--- PROBLEM REQUIREMENTS ---
Transcribe every line of the material below exactly, leaving out the pictures.

----- DATASET RECORDS

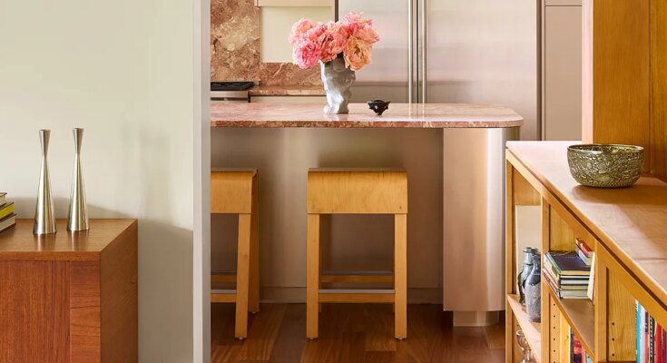 “I’m kind of obsessed with Italian rationalism,” says Hotzel, an aesthetic that leans into the thought of type following perform. “It’s warmer and has a little more depth to it than pure modernism.” So whereas the customized island’s curved stainless-steel base is a magnificence, it’s additionally match with 4 monumental drawers. The designer additionally nixed harsh angles and supplies in favor of softer touches, like pink laminate cupboard fronts from an Italian maker and unobtrusive finger pulls. No ornament for adornment’s sake right here.
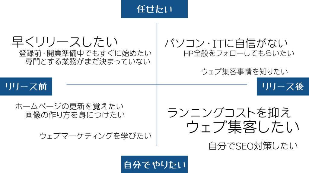 - 原則的に当方が作成いたしますが、今後のホームぺージ運用を考え、お客様が作成し当方がサポートする形もお選びいただけます。
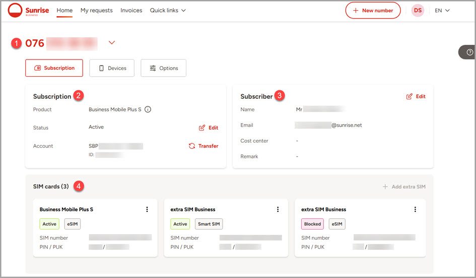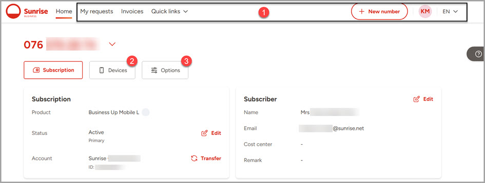 The main subscription page is loaded automatically when you log in to the Sunrise Business Cockpit. It brings all information related to the currently selected mobile number in one place and allows you to manage it according to the policies defined by your company.
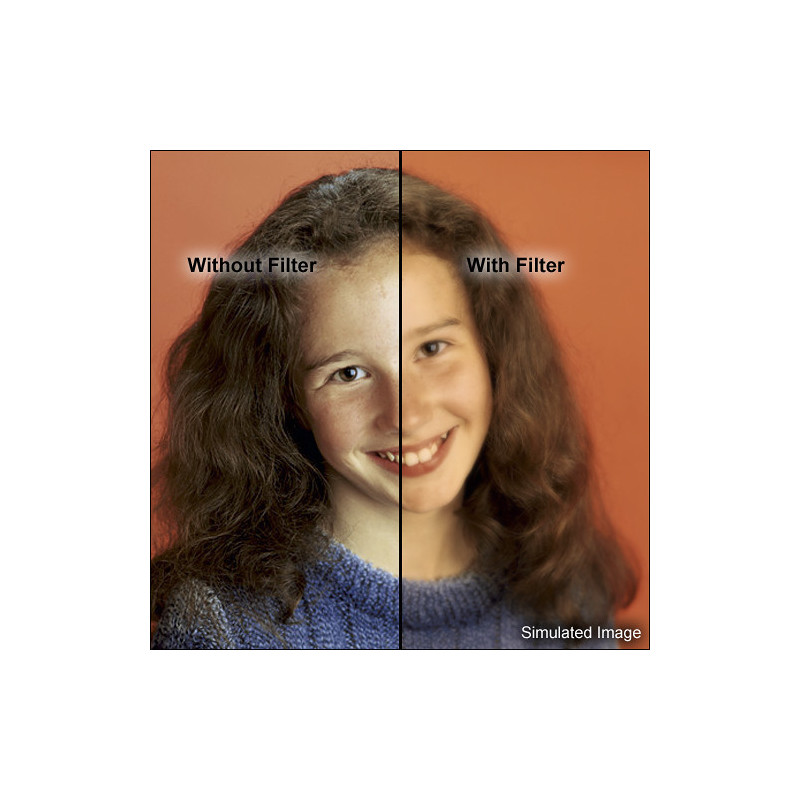 Reduces the appearance of blemishes and wrinkles; softens fine lines and textures; maintains overall sharpness; adds warmth to the entire image when used in daylight on a film camera system with daylight film, or on a digital camera system with its white balance setting on daylight |
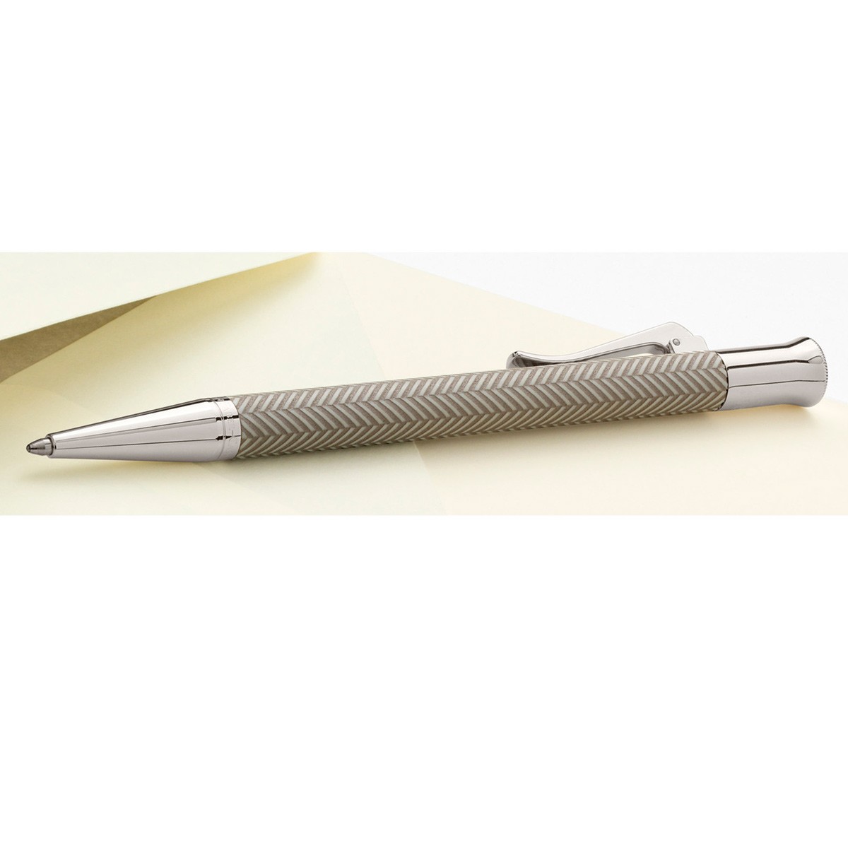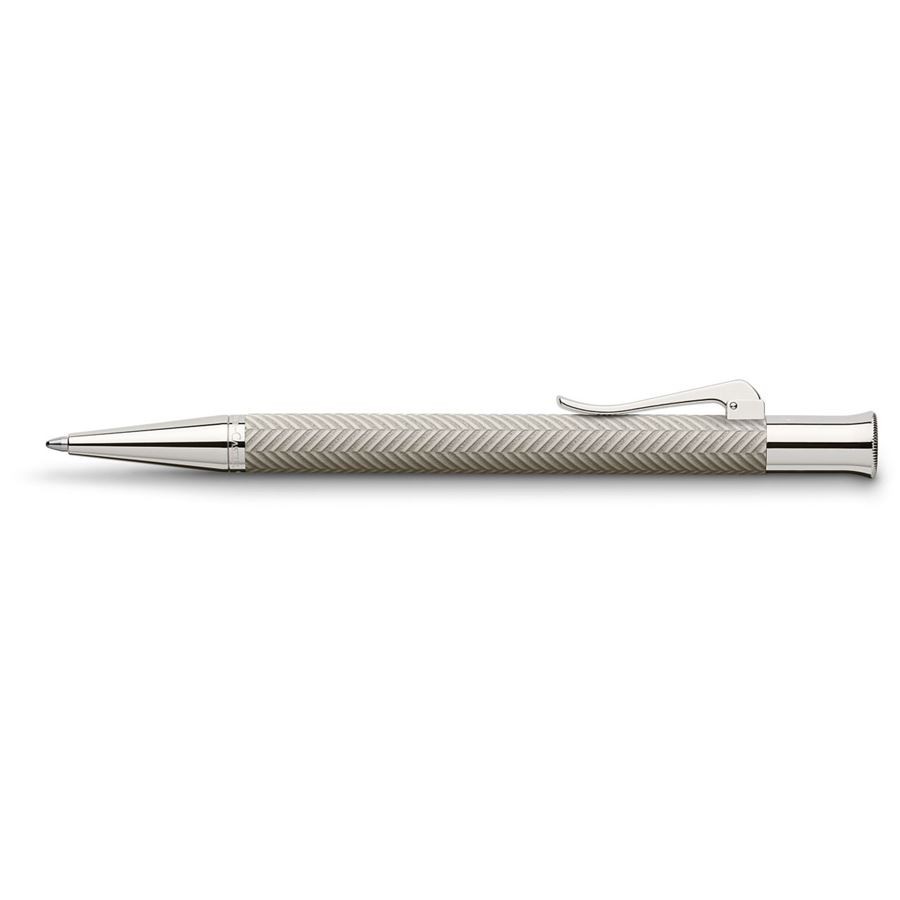 Шариковая ручка светло-серого цвета "Guilloche Cisele Light Grey" немецкой марки "Graf von Faber-Castell" выполнена из драгоценной смолы, декорированной рисунком-"ёлочкой" в технике "гильош" ("guilloche"), используемой ювелирами при обработке драгоценных металлов. Для создания этой ручки её корпус вручную многократно покрывался смолистым лаком, с последующей сушкой и полировкой каждого слоя. После чего вручную наносилась гравировка. В результате любая из ручек серии "Guilloche" является штучной работой, хранящей тепло человеческих рук, - уникальной структурой с индивидуальным орнаментом. Помимо тонкой гравировки ручку украшают покрытые родием передние и торцевые элементы, и тонкая гравированная печать "Handmade in Germany" ("Сделано вручную в Германии"). Шариковая ручка оснащена качественным пишущим узлом, который плавно скользит по бумаге. Механизм выдвижения стержня - поворотный. Тугой зажим имеет пружинную систему.

----------

--- RESULT OF THE TASK ---
 “I’m kind of obsessed with Italian rationalism,” says Hotzel, an aesthetic that leans into the thought of type following perform. “It’s warmer and has a little more depth to it than pure modernism.” So whereas the customized island’s curved stainless-steel base is a magnificence, it’s additionally match with 4 monumental drawers. The designer additionally nixed harsh angles and supplies in favor of softer touches, like pink laminate cupboard fronts from an Italian maker and unobtrusive finger pulls. No ornament for adornment’s sake right here.
 - 原則的に当方が作成いたしますが、今後のホームぺージ運用を考え、お客様が作成し当方がサポートする形もお選びいただけます。
 The main subscription page is loaded automatically when you log in to the Sunrise Business Cockpit. It brings all information related to the currently selected mobile number in one place and allows you to manage it according to the policies defined by your company.
 Reduces the appearance of blemishes and wrinkles; softens fine lines and textures; maintains overall sharpness; adds warmth to the entire image when used in daylight on a film camera system with daylight film, or on a digital camera system with its white balance setting on daylight |
 Шариковая ручка светло-серого цвета "Guilloche Cisele Light Grey" немецкой марки "Graf von Faber-Castell" выполнена из драгоценной смолы, декорированной рисунком-"ёлочкой" в технике "гильош" ("guilloche"), используемой ювелирами при обработке драгоценных металлов. Для создания этой ручки её корпус вручную многократно покрывался смолистым лаком, с последующей сушкой и полировкой каждого слоя. После чего вручную наносилась гравировка. В результате любая из ручек серии "Guilloche" является штучной работой, хранящей тепло человеческих рук, - уникальной структурой с индивидуальным орнаментом. Помимо тонкой гравировки ручку украшают покрытые родием передние и торцевые элементы, и тонкая гравированная печать "Handmade in Germany" ("Сделано вручную в Германии"). Шариковая ручка оснащена качественным пишущим узлом, который плавно скользит по бумаге. Механизм выдвижения стержня - поворотный. Тугой зажим имеет пружинную систему.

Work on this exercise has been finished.